Art is something I remember I used to do to relieve boredom
Now I use it to escape
Not forgetting the whole ‘chemical in-balance ‘
That goes along with it.
Was thinking to myself, its getting worse and worse
When I am alone all I want to do is conjure up images
Things that mean something to me
Last night I found a photo of ‘her’ and my god.
Its looked just like her once I had finished
I want her to put it on her wall
Images look good on walls, the structure, and the décor.
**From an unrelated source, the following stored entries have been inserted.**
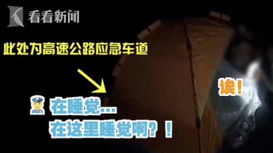 夫妻俩高速搭帐篷睡觉!交警:你们是开玩笑吗?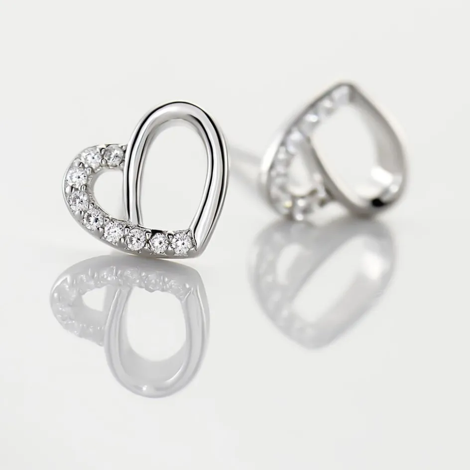 Boucles D’oreilles Puces Argent Blanc 925/1000 Dessins De C艙ur Micro Setting Oxydes De Zirconium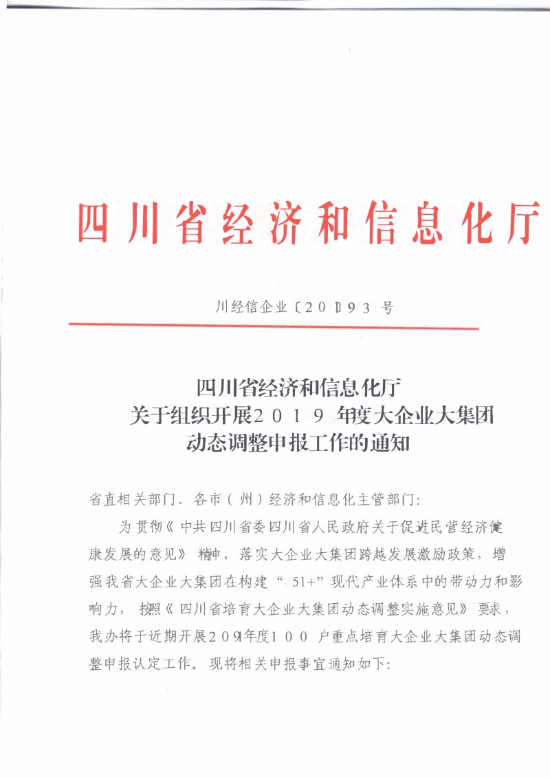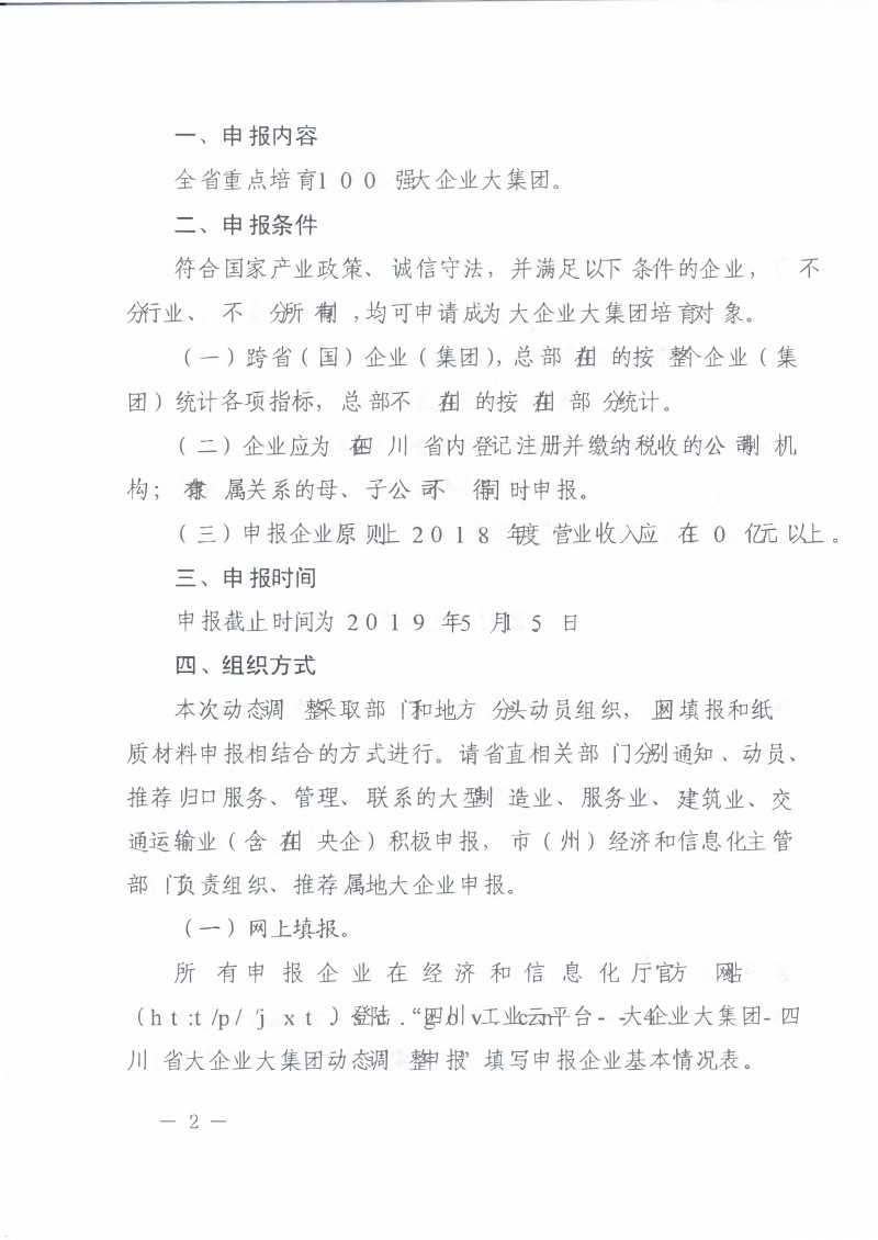 四川省經(jīng)濟(jì)和信息化廳 關(guān)于組織開展2019年度大企業(yè)大集團(tuán) 動(dòng)態(tài)調(diào)整申報(bào)工作的通知

One of these days I think that’s all I will do
Draw silly pictures and someone can pay me for it
But it’s not about money
Its got a lot to do with my sanity, ask any artist
I look at the world through rose coloured glasses
And its funny how my artistic outlook
Translated over into my personal life

I saw her as an image, and that image appealed to me
But it was what was behind that image that I didn’t like

My images can sometimes be deceiving too, as with any
But what is behind the image is what counts
And mine are of honesty, integrity and humanity.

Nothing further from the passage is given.